● WHAT TO WORK ON
What is needed is a word-for-word copy of the lines below from the one with "Vintage Red Rose" through the one with "2024年10月25日在我科复查泌乳素,显示泌乳素水平远远", both included, with every picture left out.
─── MATERIAL SUPPLIED ───
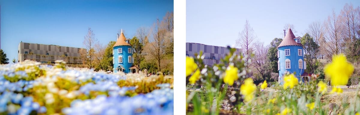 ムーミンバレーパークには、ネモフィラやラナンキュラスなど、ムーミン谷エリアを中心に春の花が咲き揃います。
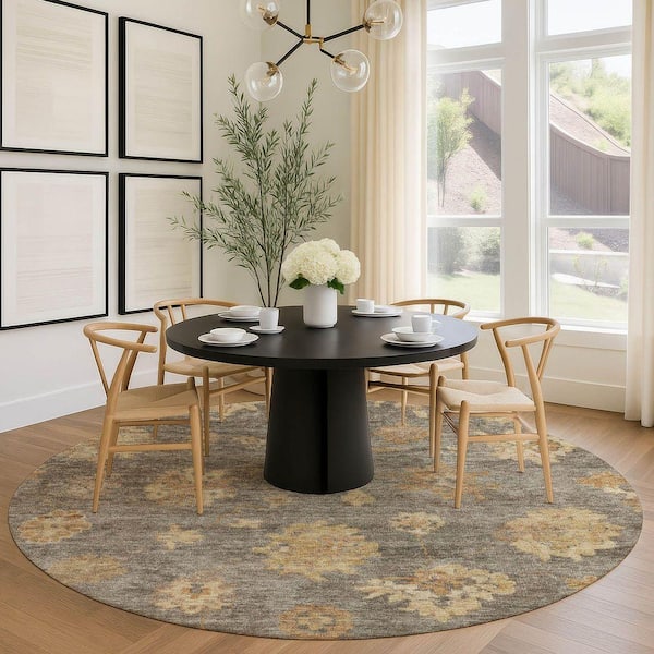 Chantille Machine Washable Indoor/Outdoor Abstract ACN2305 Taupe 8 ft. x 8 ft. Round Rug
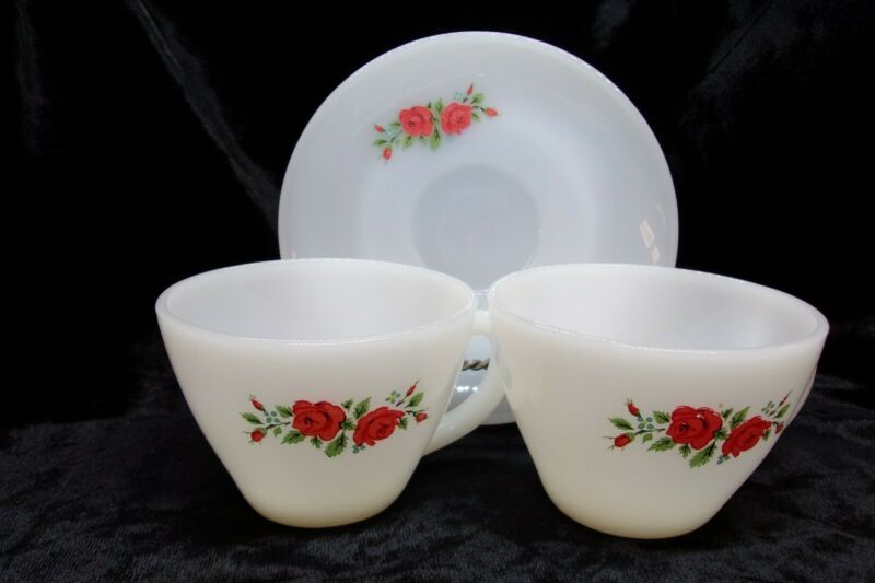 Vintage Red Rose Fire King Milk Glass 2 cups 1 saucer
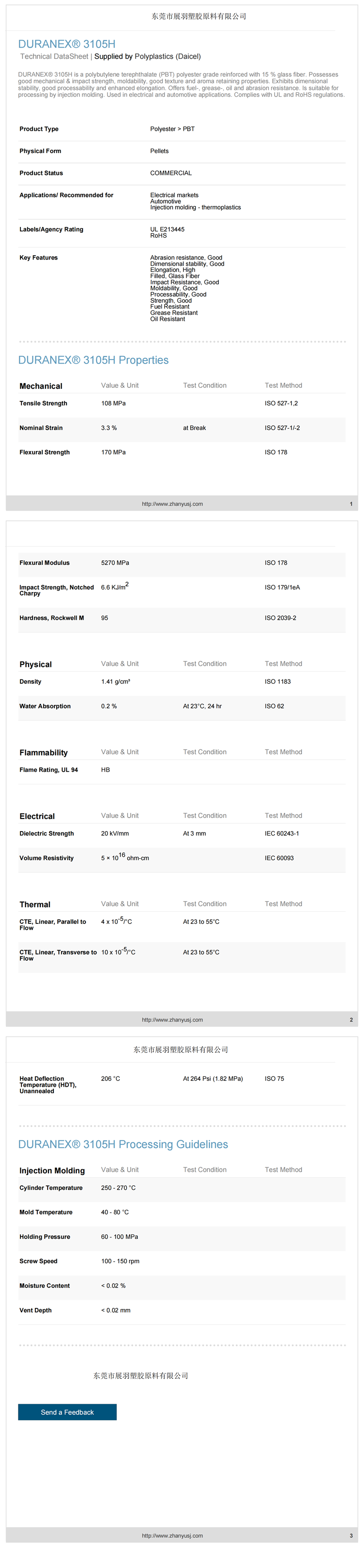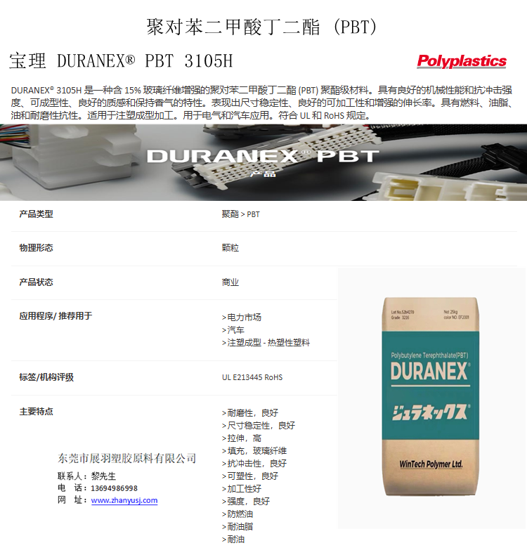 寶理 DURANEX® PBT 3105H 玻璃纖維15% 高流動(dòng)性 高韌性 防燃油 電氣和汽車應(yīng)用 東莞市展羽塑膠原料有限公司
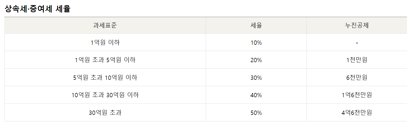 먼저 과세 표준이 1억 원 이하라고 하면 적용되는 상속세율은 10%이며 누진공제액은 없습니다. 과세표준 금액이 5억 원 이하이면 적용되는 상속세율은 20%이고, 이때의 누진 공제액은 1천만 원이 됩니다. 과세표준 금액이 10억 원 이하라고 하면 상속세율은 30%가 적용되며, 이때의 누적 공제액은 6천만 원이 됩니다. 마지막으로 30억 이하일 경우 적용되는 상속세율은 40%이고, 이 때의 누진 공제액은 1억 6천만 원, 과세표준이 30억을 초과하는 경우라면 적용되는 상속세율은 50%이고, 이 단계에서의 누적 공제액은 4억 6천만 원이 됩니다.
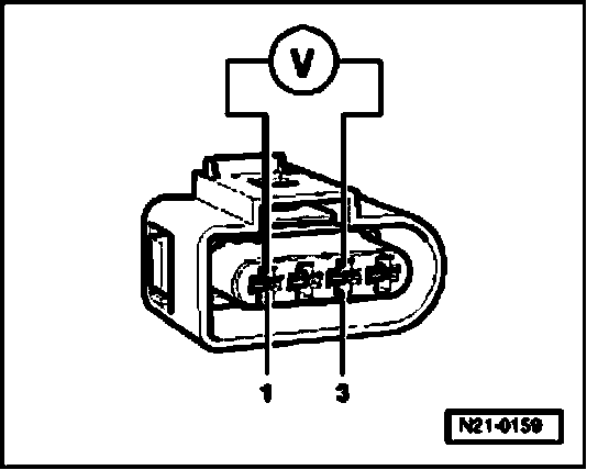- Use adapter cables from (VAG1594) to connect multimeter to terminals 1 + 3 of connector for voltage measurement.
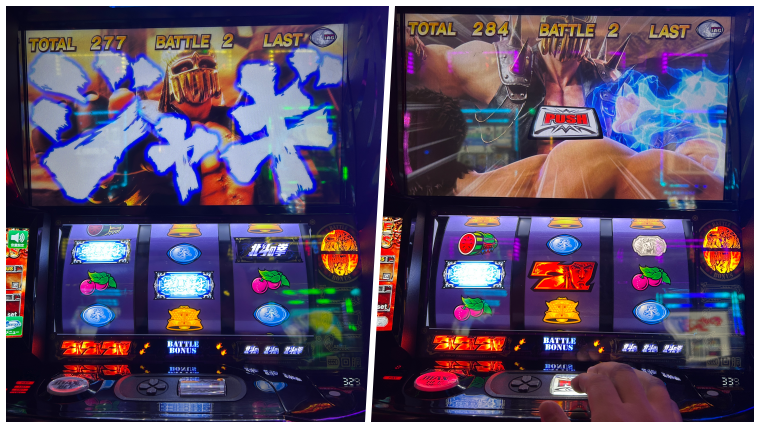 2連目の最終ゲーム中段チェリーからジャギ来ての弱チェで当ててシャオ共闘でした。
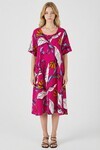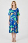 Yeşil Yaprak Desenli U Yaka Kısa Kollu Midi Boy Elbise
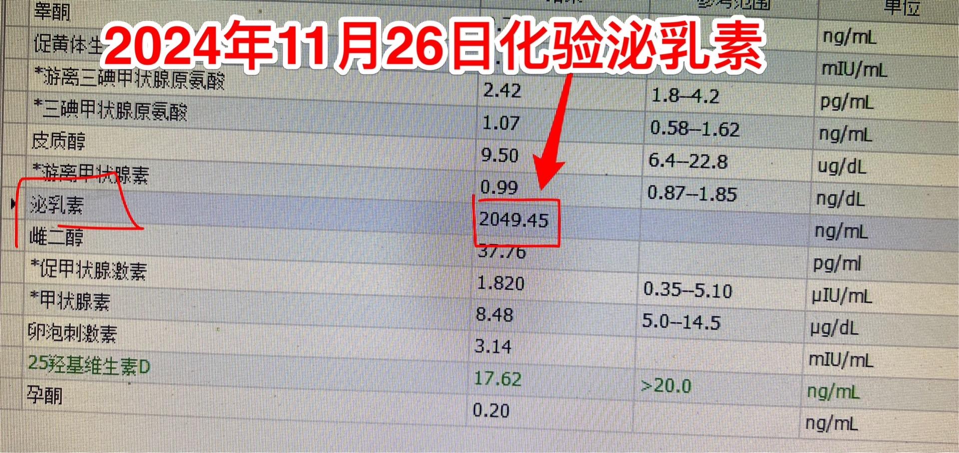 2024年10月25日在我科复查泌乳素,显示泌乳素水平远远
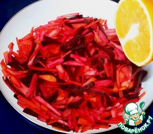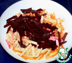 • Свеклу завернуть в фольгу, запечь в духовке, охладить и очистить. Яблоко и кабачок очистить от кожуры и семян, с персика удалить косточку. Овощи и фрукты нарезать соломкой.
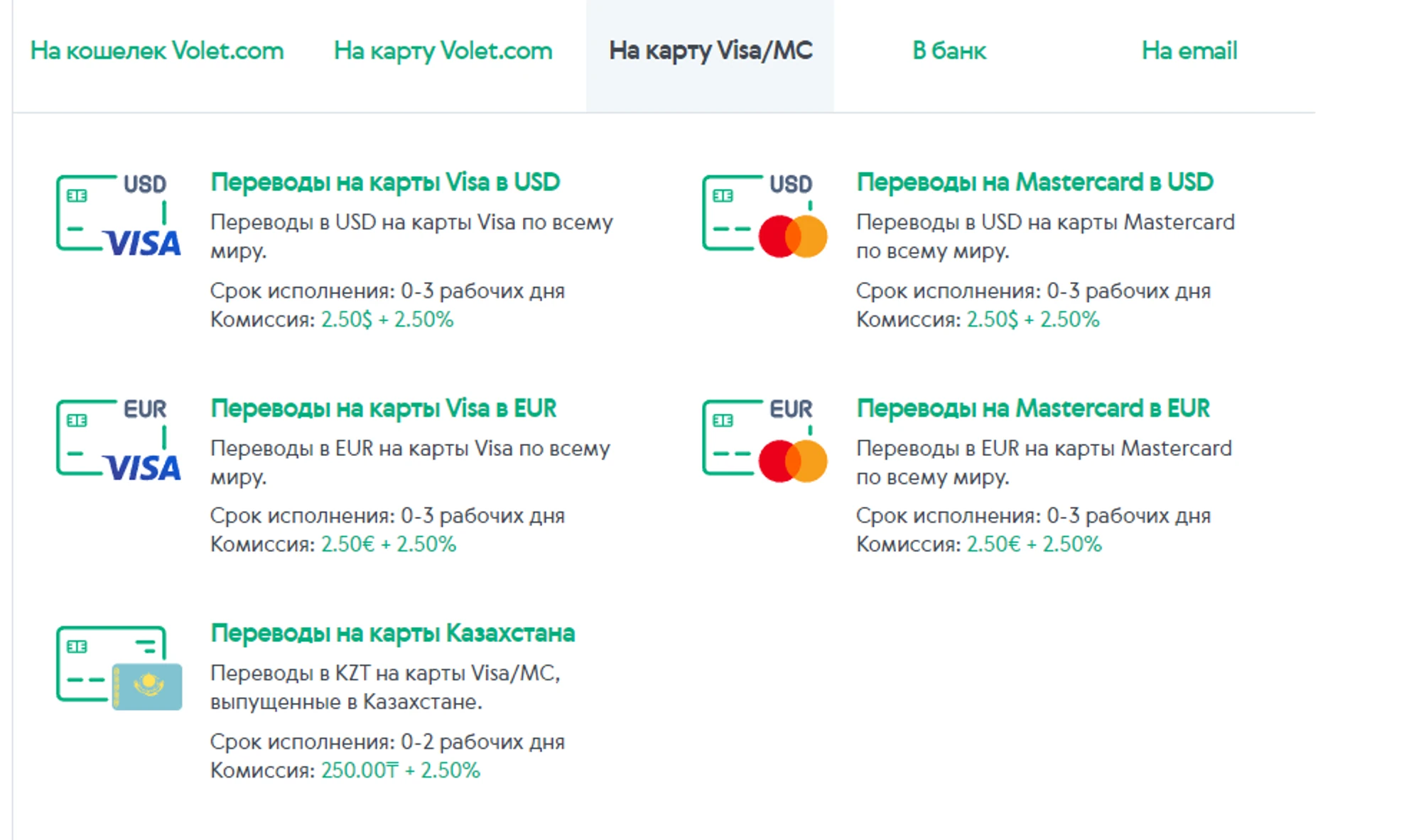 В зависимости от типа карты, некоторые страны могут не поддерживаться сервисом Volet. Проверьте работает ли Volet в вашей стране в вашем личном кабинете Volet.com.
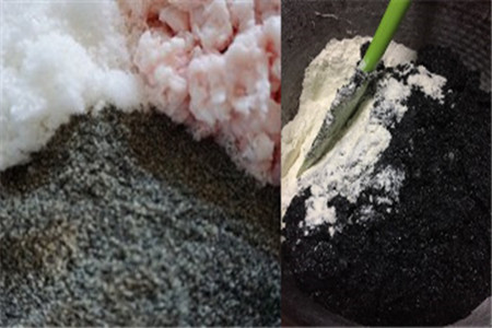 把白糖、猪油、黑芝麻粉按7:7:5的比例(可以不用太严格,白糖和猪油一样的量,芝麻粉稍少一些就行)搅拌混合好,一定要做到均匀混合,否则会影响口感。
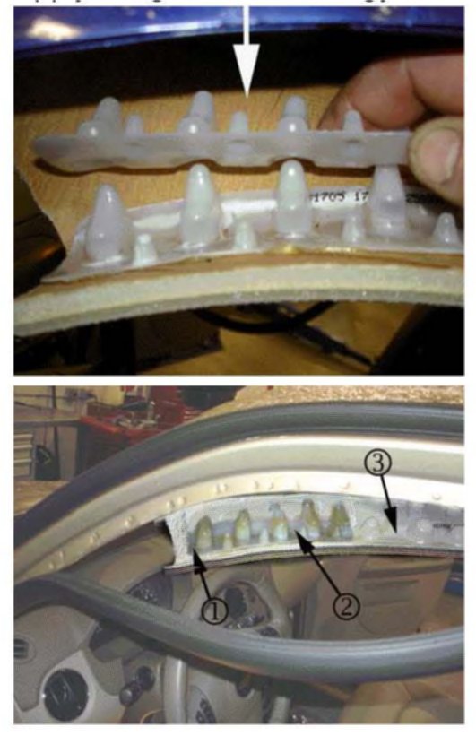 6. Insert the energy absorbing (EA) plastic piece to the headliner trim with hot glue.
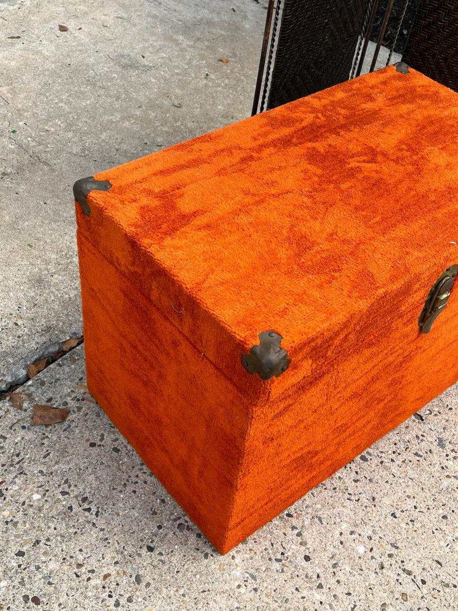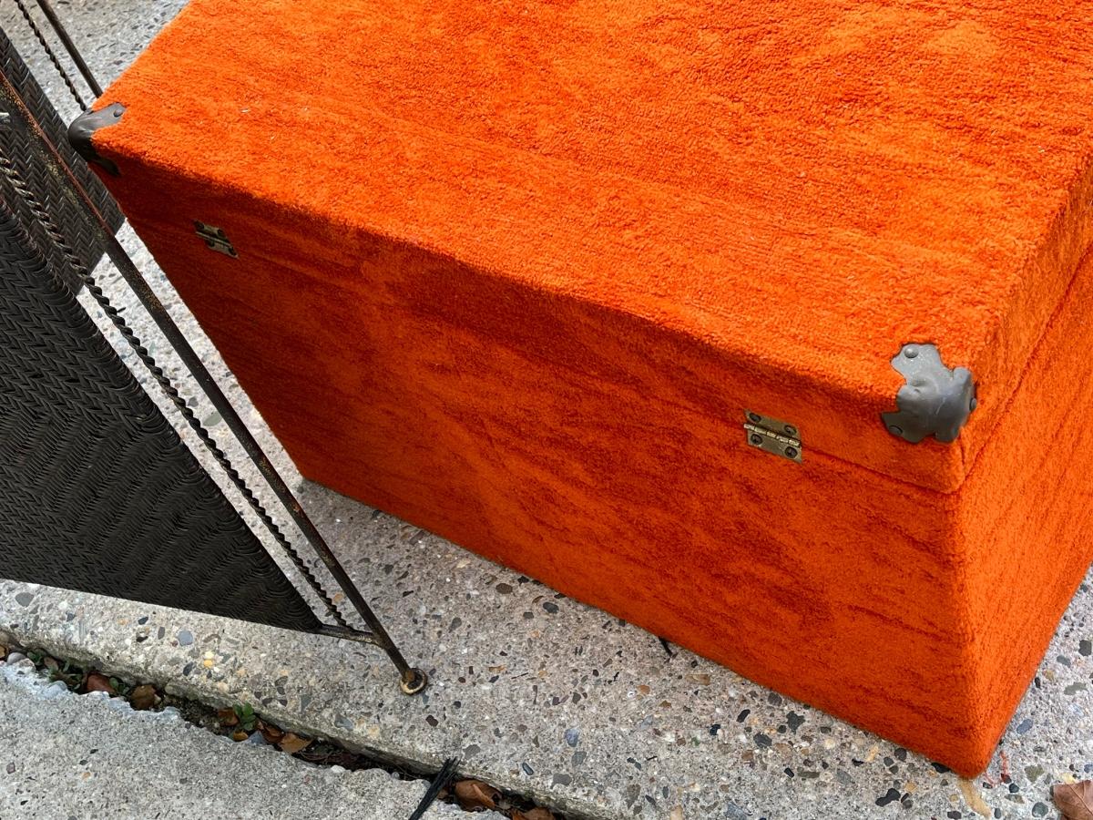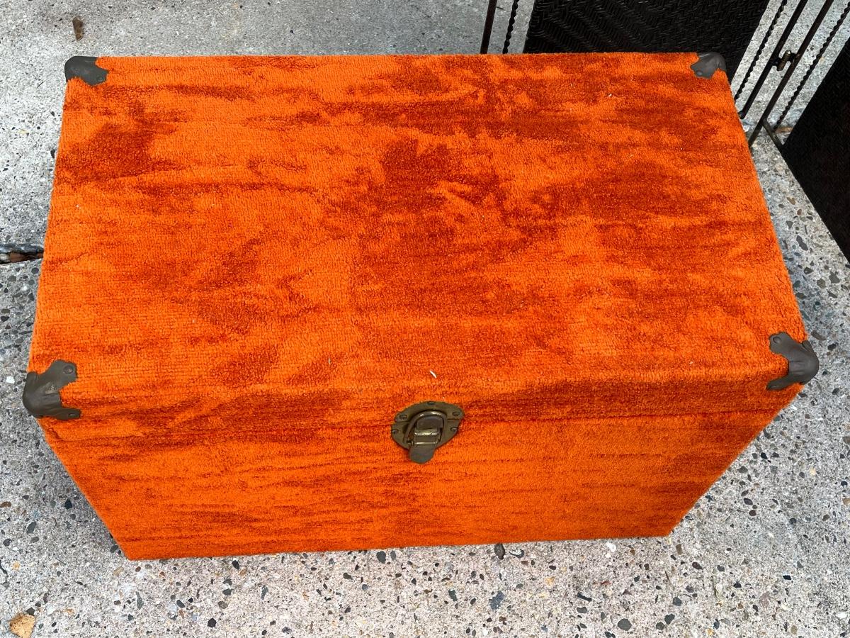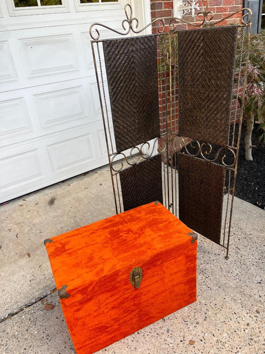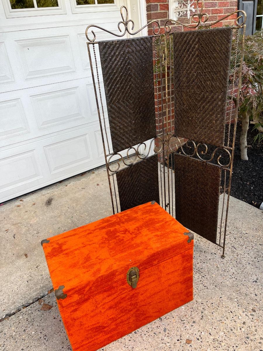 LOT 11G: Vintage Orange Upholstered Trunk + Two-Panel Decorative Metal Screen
───
● SOLUTION FOR THIS EXERCISE
 Vintage Red Rose Fire King Milk Glass 2 cups 1 saucer
 寶理 DURANEX® PBT 3105H 玻璃纖維15% 高流動(dòng)性 高韌性 防燃油 電氣和汽車應(yīng)用 東莞市展羽塑膠原料有限公司
 먼저 과세 표준이 1억 원 이하라고 하면 적용되는 상속세율은 10%이며 누진공제액은 없습니다. 과세표준 금액이 5억 원 이하이면 적용되는 상속세율은 20%이고, 이때의 누진 공제액은 1천만 원이 됩니다. 과세표준 금액이 10억 원 이하라고 하면 상속세율은 30%가 적용되며, 이때의 누적 공제액은 6천만 원이 됩니다. 마지막으로 30억 이하일 경우 적용되는 상속세율은 40%이고, 이 때의 누진 공제액은 1억 6천만 원, 과세표준이 30억을 초과하는 경우라면 적용되는 상속세율은 50%이고, 이 단계에서의 누적 공제액은 4억 6천만 원이 됩니다.
- Use adapter cables from (VAG1594) to connect multimeter to terminals 1 + 3 of connector for voltage measurement.
 2連目の最終ゲーム中段チェリーからジャギ来ての弱チェで当ててシャオ共闘でした。
 Yeşil Yaprak Desenli U Yaka Kısa Kollu Midi Boy Elbise
 2024年10月25日在我科复查泌乳素,显示泌乳素水平远远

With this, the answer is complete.